Step by step learning from me lucene---lucene incremental update and NRT (near-real-time) query near real-time

Source: Internet
Author: User

These two days overtime, can not take into account the blog update. Please forgive us.

Sometimes after we create the index, the data source may have updated content. And we imagine that the database can be directly in the query today. Here is what we call the incremental index. How can we achieve this demand? The implementation of this incremental index is not provided internally by Lucene.

We may think of it here in general. All the previous indexes are deleted, and then the rebuild is indexed.

For such a practice. It is also possible to assume that the number of bars in a data source is not particularly large. Suppose the data source has a particularly large number of bars. is bound to cause query data time consuming.
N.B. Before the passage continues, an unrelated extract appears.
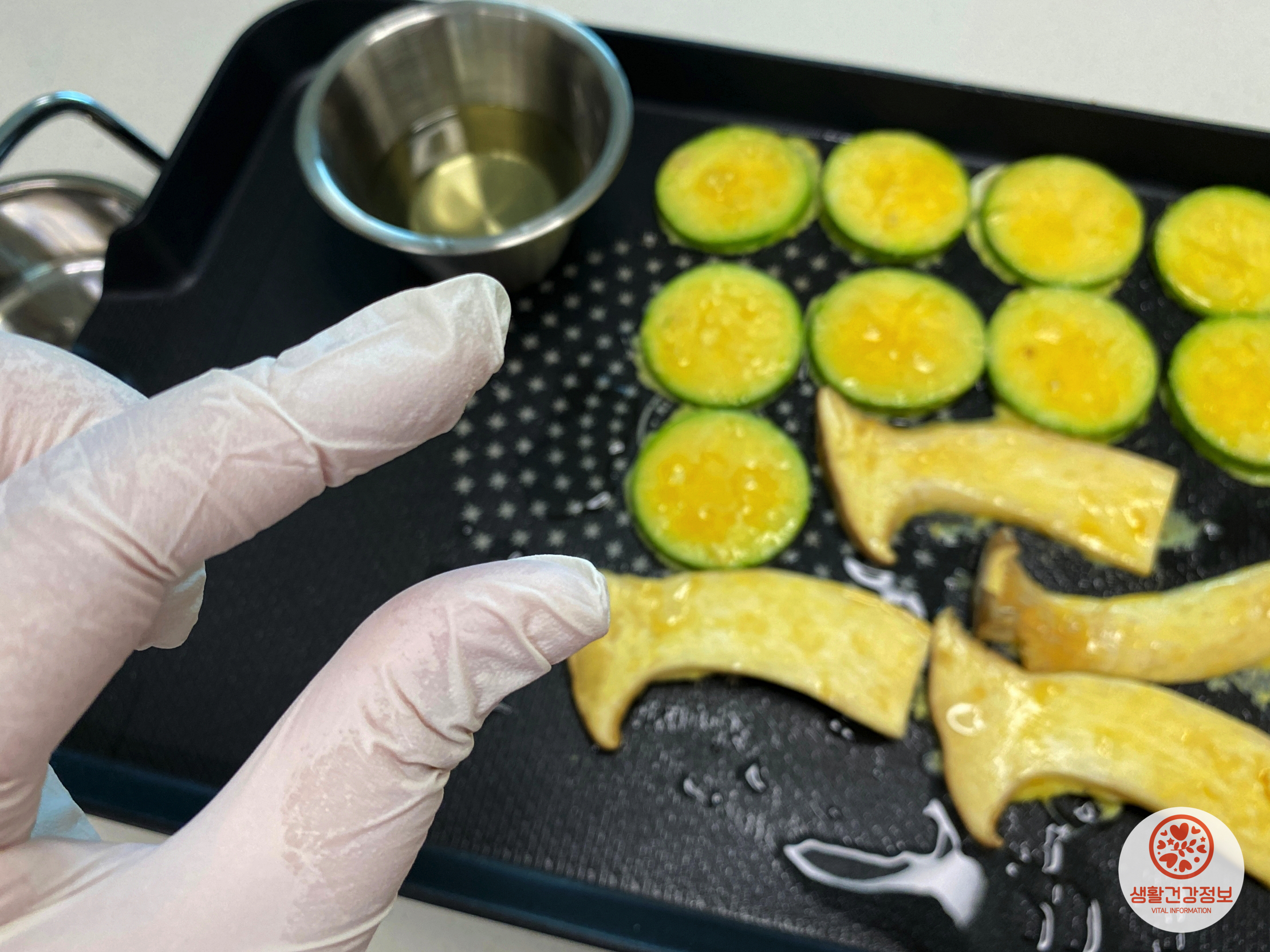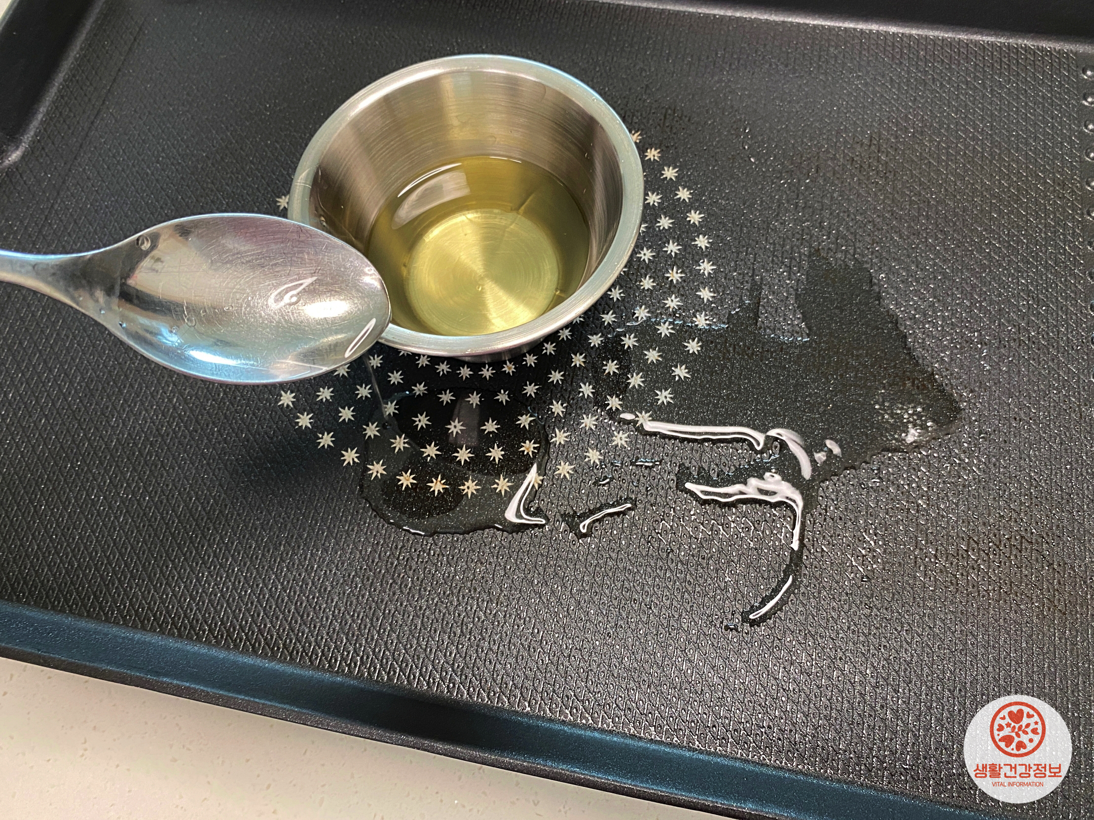 프라이팬 위에 기름종지를 올리고

At the same time, the construction of the index is more time-consuming, several phases superimposed, it is bound to cause the query when the data is missing, which will seriously affect the user's experience.

The implementation of the more common incremental indexes is:

    • Set a timer to periodically read from the data source the new content in the existing index file or the data in the data source with the updated label.
    • Convert data into required document and index

The advantage of doing so is to completely remove the index from the above and then rebuild it:

    • Data source query scans for small amounts of data
    • The corresponding update index has fewer number of bars. Reduced a lot of indexwriter commit and close these time-consuming operations

The above overcomes the problem of increment, but the real-time problem still exists:

    • Index changes are only available after the IndexWriter commit has been run.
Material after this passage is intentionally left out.